WASHINGTON— The woman whose complaints sparked an FBI investigation that led to CIA Director David H. Petraeus' resignation was identified Sunday as an unpaid social liaison to MacDill Air Force Base near Tampa, Fla., where Petraeus formerly was stationed.

Military sources identified her as Jill Kelley, who had complained about harassing emails that investigators traced to Paula Broadwell, a married Army reservist who was Petraeus' biographer, according to military sources.

U.S. officials say the FBI's investigation of Broadwell's emails led them to discover explicit messages between her and Petraeus suggesting they were carrying on an extramarital affair.





Also Sunday, members of Congress demanded a fuller explanation of how and when law enforcement agents learned that Petraeus was having the affair.

Petraeus told National Intelligence Director James R. Clapper about the situation Tuesday, election day, and Clapper urged Petraeus to resign. The White House first learned of the affair Wednesday, officials said, and President Obama accepted Petraeus' resignation Friday. Key members of Congress found out only hours before the public did.

Kelley, 37, was described as a close friend of Petraeus. Officials have said that Broadwell, 40, considered the woman she emailed a rival for the retired Army general's affections.

Broadwell, who has two children, could not be reached for comment.

Kelley and her husband, Scott, issued a statement to the Associated Press on Sunday evening: "We and our family have been friends with Gen. Petraeus and his family for over five years. We respect his and his family's privacy and want the same for us and our three children."

Petraeus, one of the most influential military minds of his generation, took the CIA job last year after retiring as a four-star general and having been the top U.S. ground commander in both the Iraq and Afghanistan wars.

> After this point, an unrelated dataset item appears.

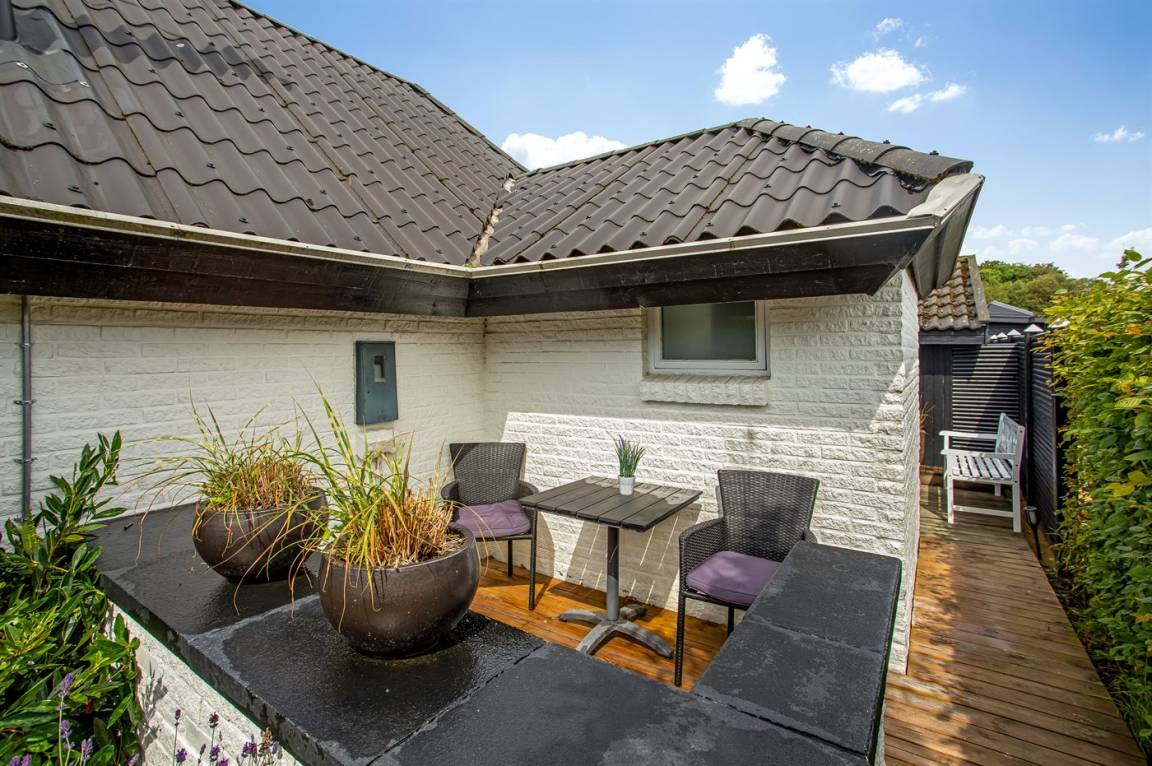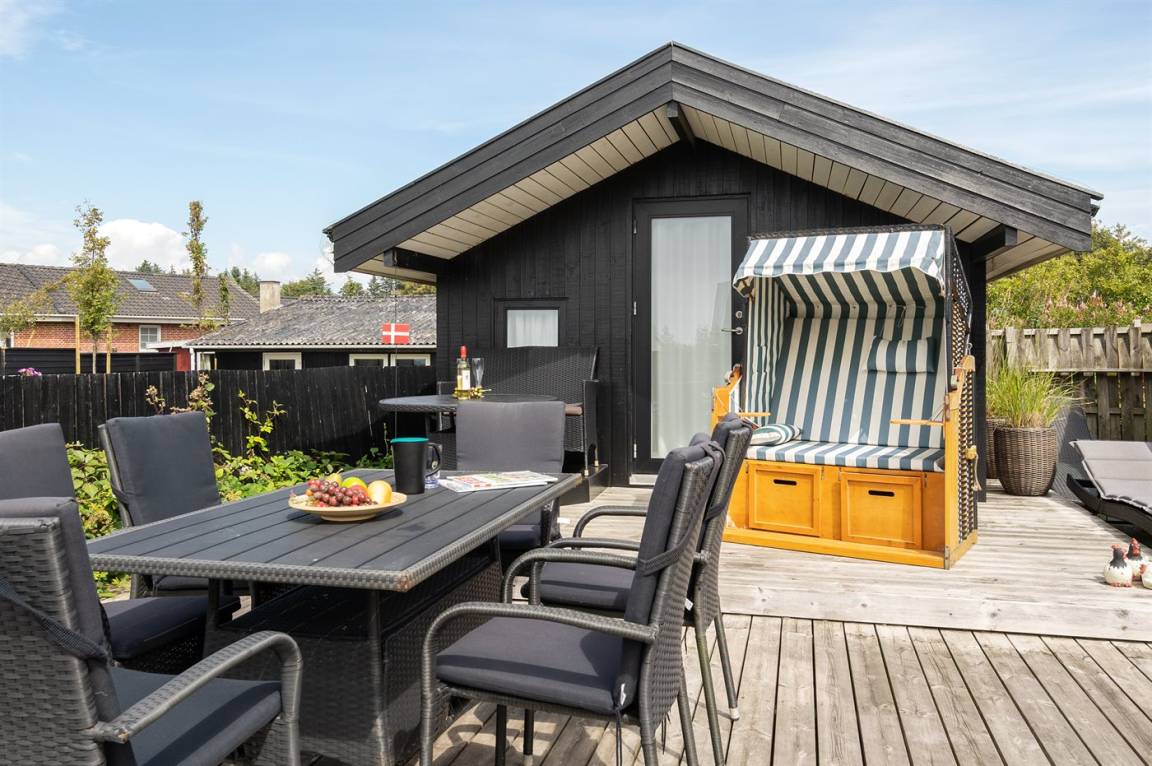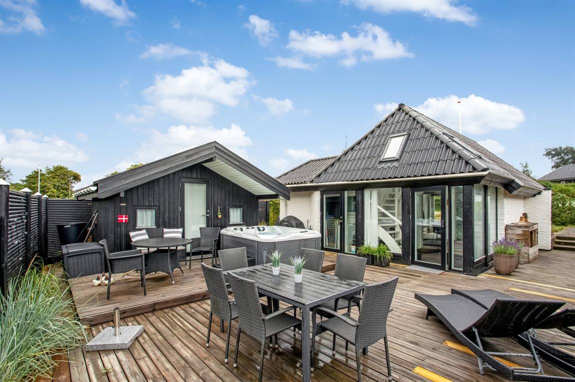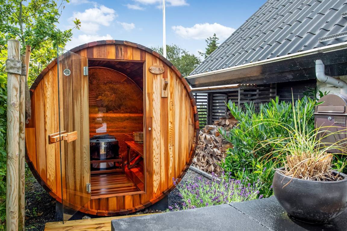 DraußenDie Ferienunterkunft liegt auf einem 280 m² großen Naturgrundstück. Die Entfernung zum Meer beträgt 150 m. Die nächste Einkaufsmöglichkeit liegt 2500 m entfernt. In einem Abstand von 4500 m gibt es einen Golfplatz. Es steht ein 80 m² geschlossenes Terrassenareal zur Verfügung. Lagerfeuerstelle. Außensauna. Gasgrill steht zur Verfügung. Parkplatz auf dem Grundstück.

Broadwell met Petraeus when he gave a 2006 speech at Harvard University, where she was studying for a master's degree. She decided to make Petraeus' leadership style a doctoral dissertation topic and, later, to write his biography.

She received special access to Petraeus when he was in charge of U.S. Central Command in Tampa from 2008 to 2010, according to a U.S. officer who served under him.

"She was always in Tampa, sometimes for weeks at a time, and it was always explained that she was writing a book about him," said the officer, speaking anonymously to discuss an ongoing investigation.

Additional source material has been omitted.